Work to complete: Repeat each line of the data below exactly, but skip the pictures.
======== Working data ========
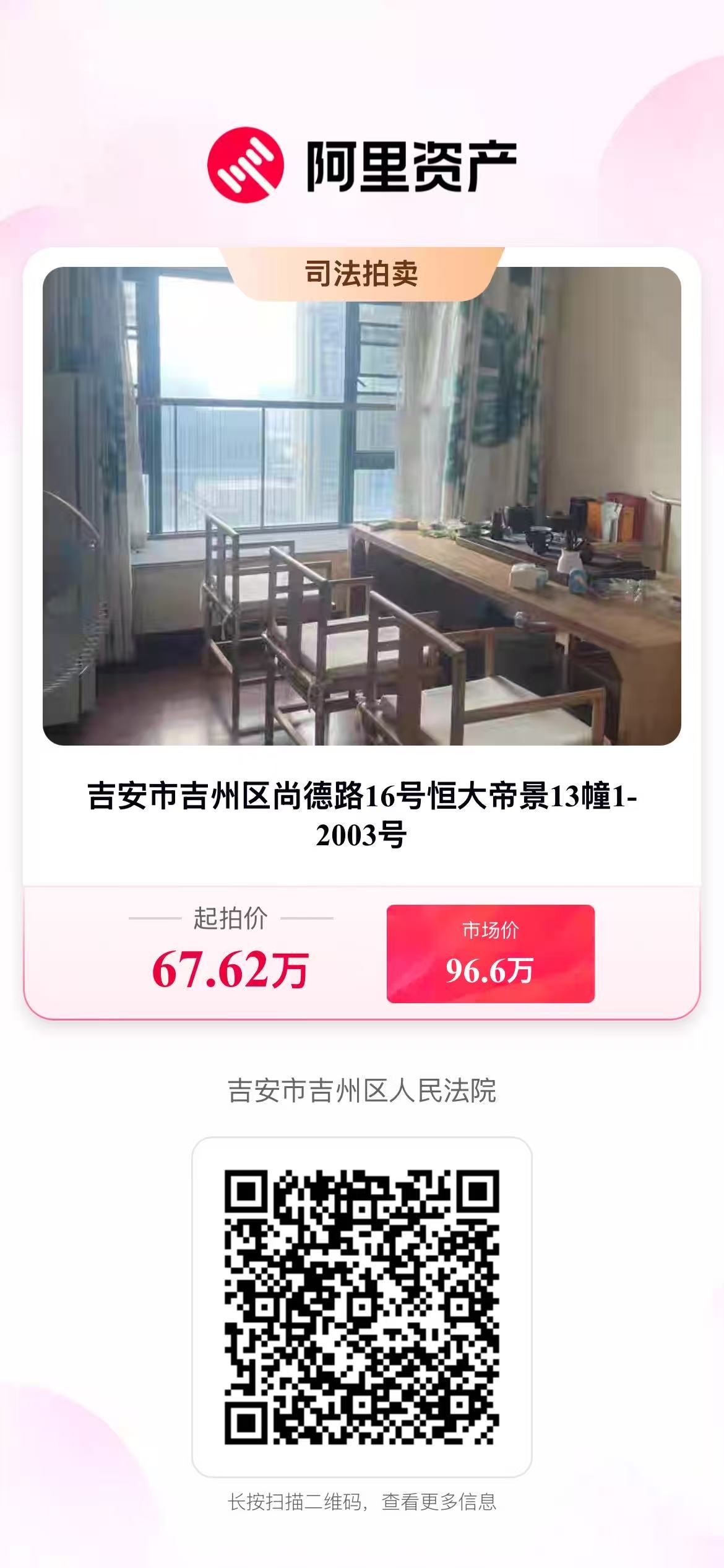 【学区精装法拍房】恒大帝景13-1-2003房已挂网,房屋面积143.76㎡。首拍价格为67.62万元,单价4703.85元。价格优惠,位于市政府旁,周边配套齐全,精装学区,读复兴路中学,性价比极高!有意向的朋友请联系拍卖页电话。
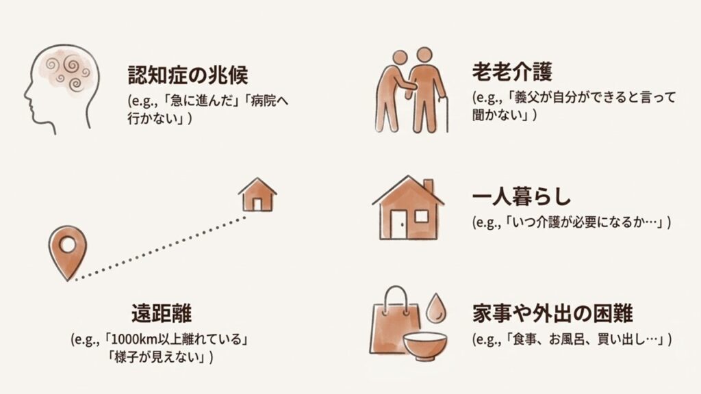 物理的な距離が壁となり、緊急時の対応や日々の様子が見えないことへの不安が綴られています。
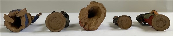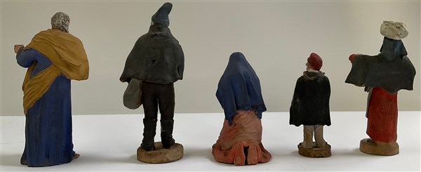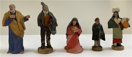 Ignoto plastificatore attivo in Sicilia entro il primo trentennio del secolo XX. "Madonna in adorazione del divino infante", "San Giuseppe", "Uomo che reca un fascio di legna", "Vecchio con mantello", "Donna che reca un cesto di panni". Lotto composto da cinque figure da presepe in terracotta policroma (h. max cm 20) (difetti e mancanze)
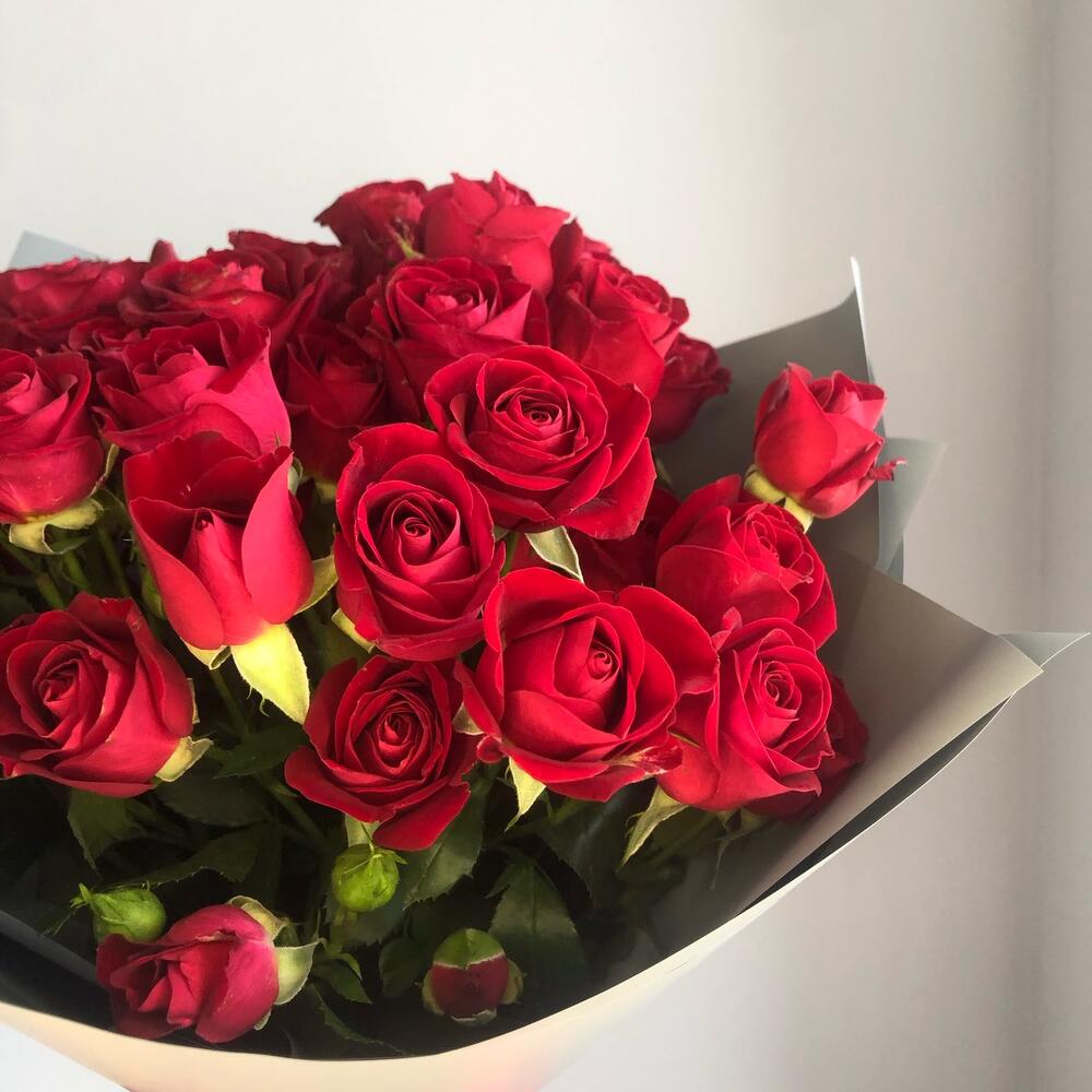 Моно букет из 9 штук красных кустовых роз
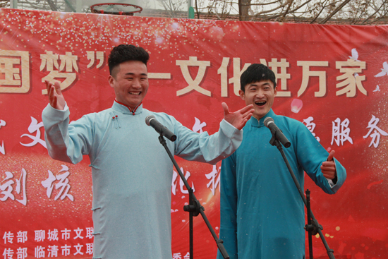 “‘我们的中国梦’——文化进万家活动,旨在引导广大文化文艺工作者面向基层、服务群众,以丰富多彩的文化活动和艺术作品,不断满足人民群众对文化生活的新需求、新期待,不断提升人民群众的文化获得感、幸福感,助力脱贫攻坚战、全面建成小康社会,推动乡村文化振兴。”聊城市文联副主席谢艳丽表示。
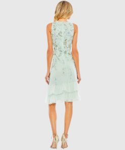 Adorned with allover floral embellishments, this above-the-knee floral dress features a high neckline and ruffle tiered fabric.
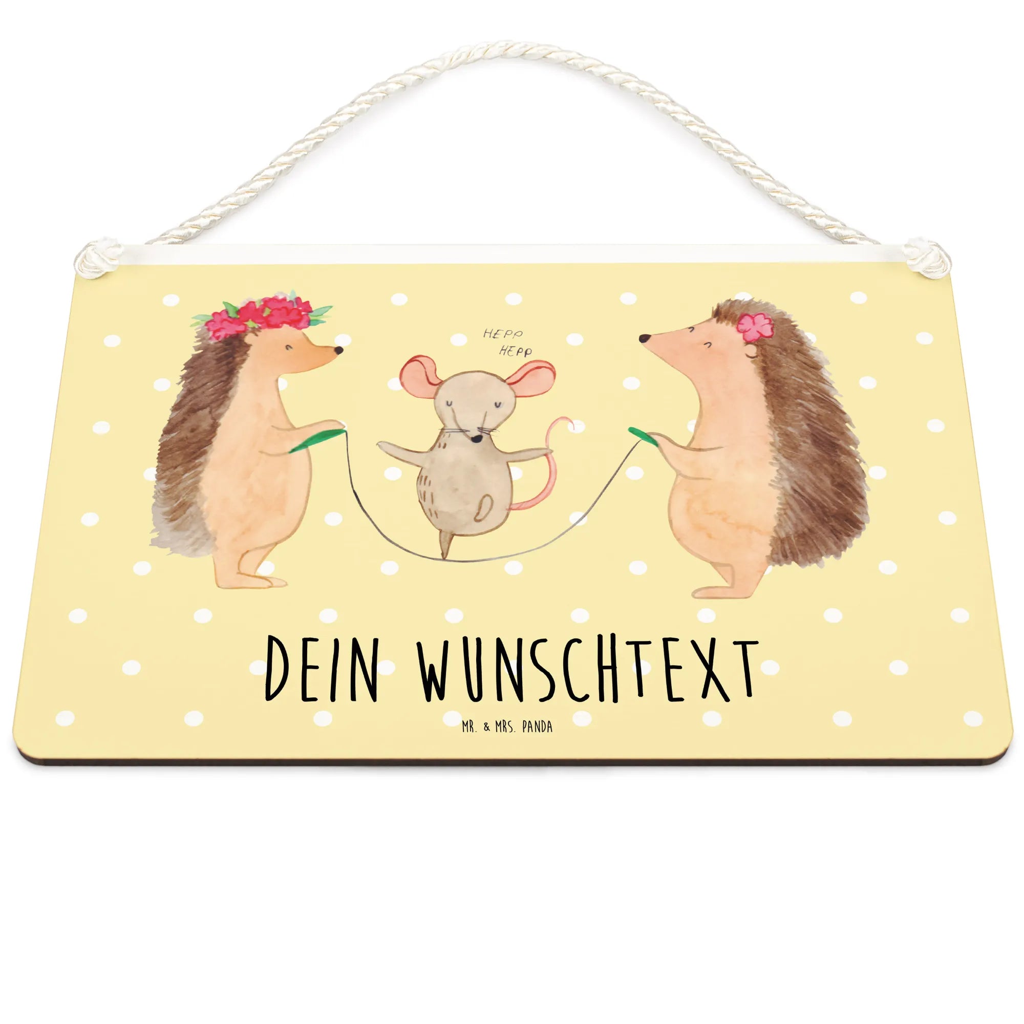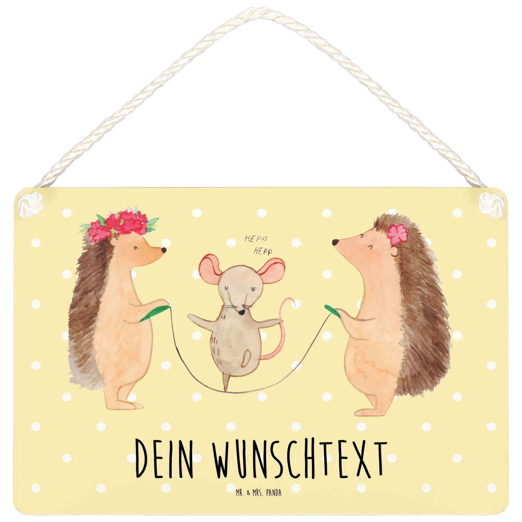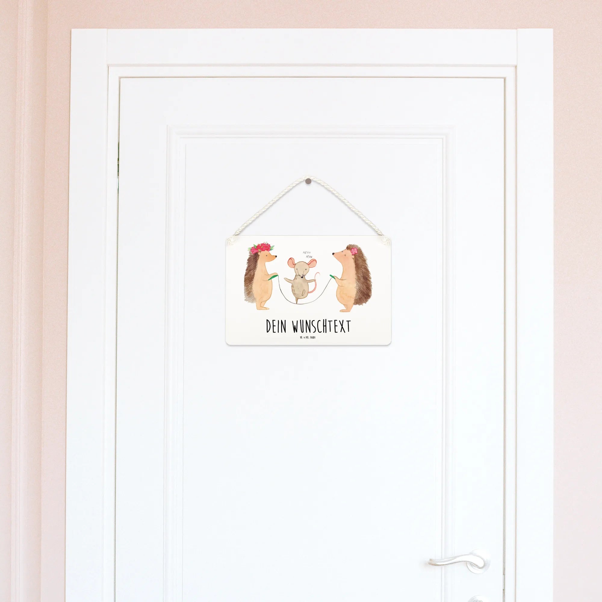 Ein wunderschönes und edles personalisiertes Deko Schild von Mr. & Mrs. Panda, das mit dem niedlichen Motiv des igeligen Seilhüpfens begeistert. Ideal für jeden Anlass, ob zum Geburtstag, zur Einschulung oder einfach als liebevolles Geschenk für beste Freunde.
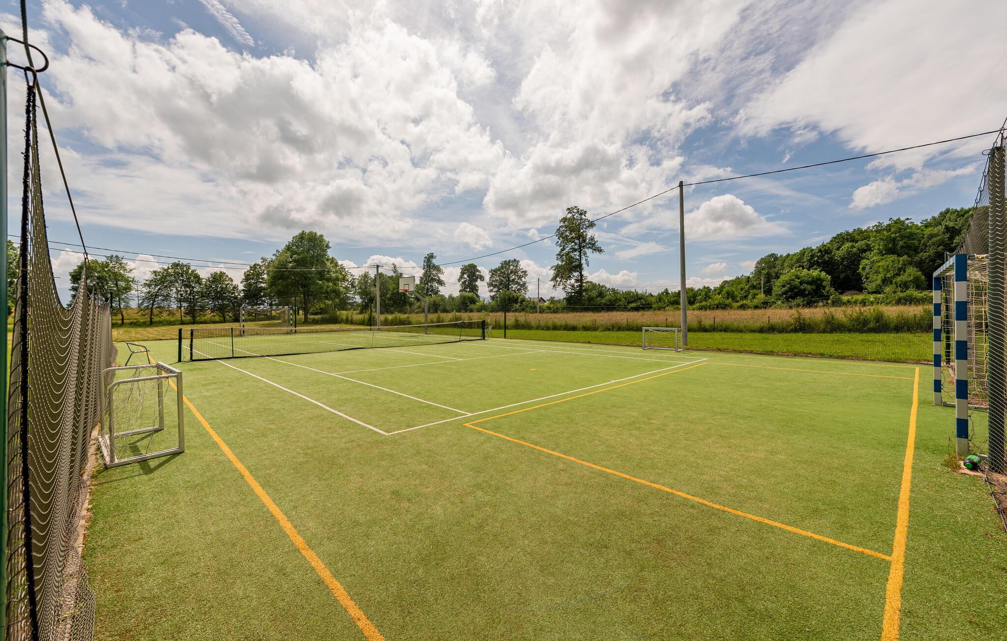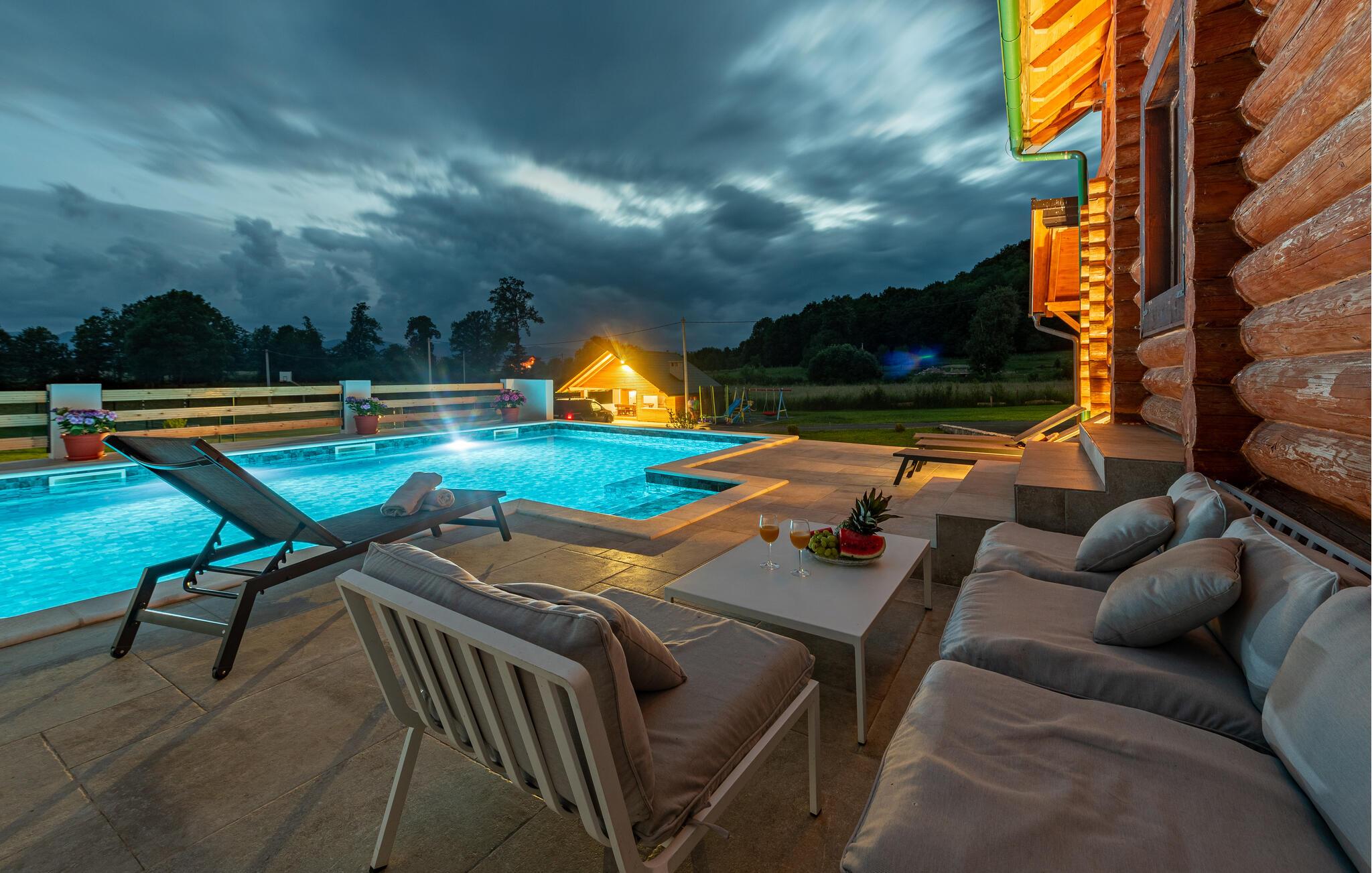 Når I kommer hjem fra en af jeres vandreture, venter jer en privat swimmingpool i haven. Til børnene er der både en legeplads og en særdeles veludstyret sportsplads, som I kommer til at dele med naboferiehuset.
========
Completed exercise:
 【学区精装法拍房】恒大帝景13-1-2003房已挂网,房屋面积143.76㎡。首拍价格为67.62万元,单价4703.85元。价格优惠,位于市政府旁,周边配套齐全,精装学区,读复兴路中学,性价比极高!有意向的朋友请联系拍卖页电话。
 物理的な距離が壁となり、緊急時の対応や日々の様子が見えないことへの不安が綴られています。
 Ignoto plastificatore attivo in Sicilia entro il primo trentennio del secolo XX. "Madonna in adorazione del divino infante", "San Giuseppe", "Uomo che reca un fascio di legna", "Vecchio con mantello", "Donna che reca un cesto di panni". Lotto composto da cinque figure da presepe in terracotta policroma (h. max cm 20) (difetti e mancanze)
 Моно букет из 9 штук красных кустовых роз
 “‘我们的中国梦’——文化进万家活动,旨在引导广大文化文艺工作者面向基层、服务群众,以丰富多彩的文化活动和艺术作品,不断满足人民群众对文化生活的新需求、新期待,不断提升人民群众的文化获得感、幸福感,助力脱贫攻坚战、全面建成小康社会,推动乡村文化振兴。”聊城市文联副主席谢艳丽表示。
 Adorned with allover floral embellishments, this above-the-knee floral dress features a high neckline and ruffle tiered fabric.
 Ein wunderschönes und edles personalisiertes Deko Schild von Mr. & Mrs. Panda, das mit dem niedlichen Motiv des igeligen Seilhüpfens begeistert. Ideal für jeden Anlass, ob zum Geburtstag, zur Einschulung oder einfach als liebevolles Geschenk für beste Freunde.
 Når I kommer hjem fra en af jeres vandreture, venter jer en privat swimmingpool i haven. Til børnene er der både en legeplads og en særdeles veludstyret sportsplads, som I kommer til at dele med naboferiehuset.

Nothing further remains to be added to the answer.